Его величество слышал всё лучше меня, ибо поддерживал бедолагу, приложив к голове графа платок, пропитывающийся кровью. Платки здесь что надо, оттого тонкие. В детстве читал и думал что за батистовые платки такие. Вот, узнал. Это скатерть, которую можно сложить в карман. Очень удобно.

Царь тоже виделся маленько того. Усы торчат неправильно! Мундир помят опять же… главное здесь в зеркало не поглядеть, а то он может сам себя на гаупвахту отправить. Этот способен. В другой руке государь продолжал сжимать кочергу, которой, вероятно, мыслил обороняться. Жаль — не довелось поглядеть.

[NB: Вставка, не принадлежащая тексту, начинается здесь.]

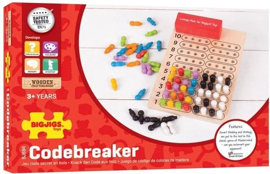 Dit leuke houten spel Codebraker van Bigjigs speel je met twee personen. Bepaal vooraf wie de kleurcode bepaalt en wie hem moet breken. De codemaker plaatst vier pionnen onder de rode kap en de codebreker moet hem raden doormiddel van het plaatsen van de gekleurde pionnen in de juiste volgorde. De codemaker plaatst na iedere beurt een witte pion voor een goede positie en kleur. De zwarte pionnen geven aan dat een gekleurde pion op de juiste plaats staat. Afmetingen 18 x 28 cm. Leeftijd 3+.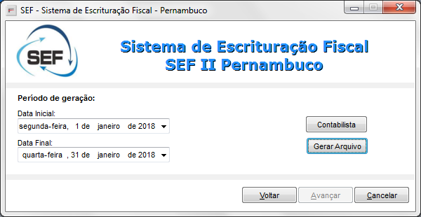 Defina a data inicial e a data final referente ao período que necessita gerar o arquivo e clique sobre o botão Contabilista.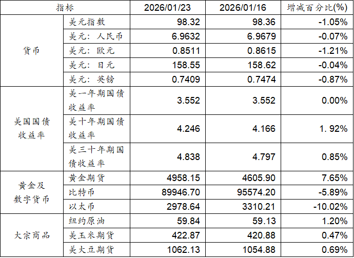1月16日至1月23日,美元指數(shù)上漲0.44%,美元兌人民幣匯率下跌0.07%。美國十年期及三十年期國債收益率均實現(xiàn)上漲。黃金期貨價格上漲7.65%。比特幣下跌5.89%。以太幣下跌10.02%。大宗商品中紐約原油、玉米期貨及大豆期貨價格均呈現(xiàn)上升態(tài)勢。

Ну и бардак мы развели за каких-то пять минут! Стол опрокинут (очень тяжёлый, кстати), все разбросано, стулья частью сломаны, частью нет, одно из кресел пропорото и тоже на боку. Вместе со столом оно изображало из себя бастион за которым пришлось укрываться. А вон тот стул я сломал, кажется. Когда гранату зашвырнул и упал как в укрытие. Куски гранаты видел сейчас все три штуки (ну вот такие здесь гранаты), хотя бумкнуло хорошо. Бумаги что тащил — всё разлетелось. Но тут уже все постарались. Глобус расколотил тоже я, правда. Эх. Не выпишут ли счёт крохоборы дворцовой службы? Солдаты натопали как слоны…Тут ещё трупы и кровищи-то, кровищи.

А так скучно начиналось…

* * *

Его величество нас пригласил в очередной свой кабинет. Дворцы вообще странная штука, как по мне. Планировки глупые и разумные одновременно. Жить неудобно. Зато практически любую комнату можно превратить во что угодно. Небольшая перестановка и вот уже спальная. Или столовая. С библиотекой немного сложнее, но тоже ничего трудного. Или кабинет. Тут я глобус и узрел. Восхитился. «Ох ты наш повелитель полумира, — подумалось, — небось стрелочки на нём рисовать любишь?»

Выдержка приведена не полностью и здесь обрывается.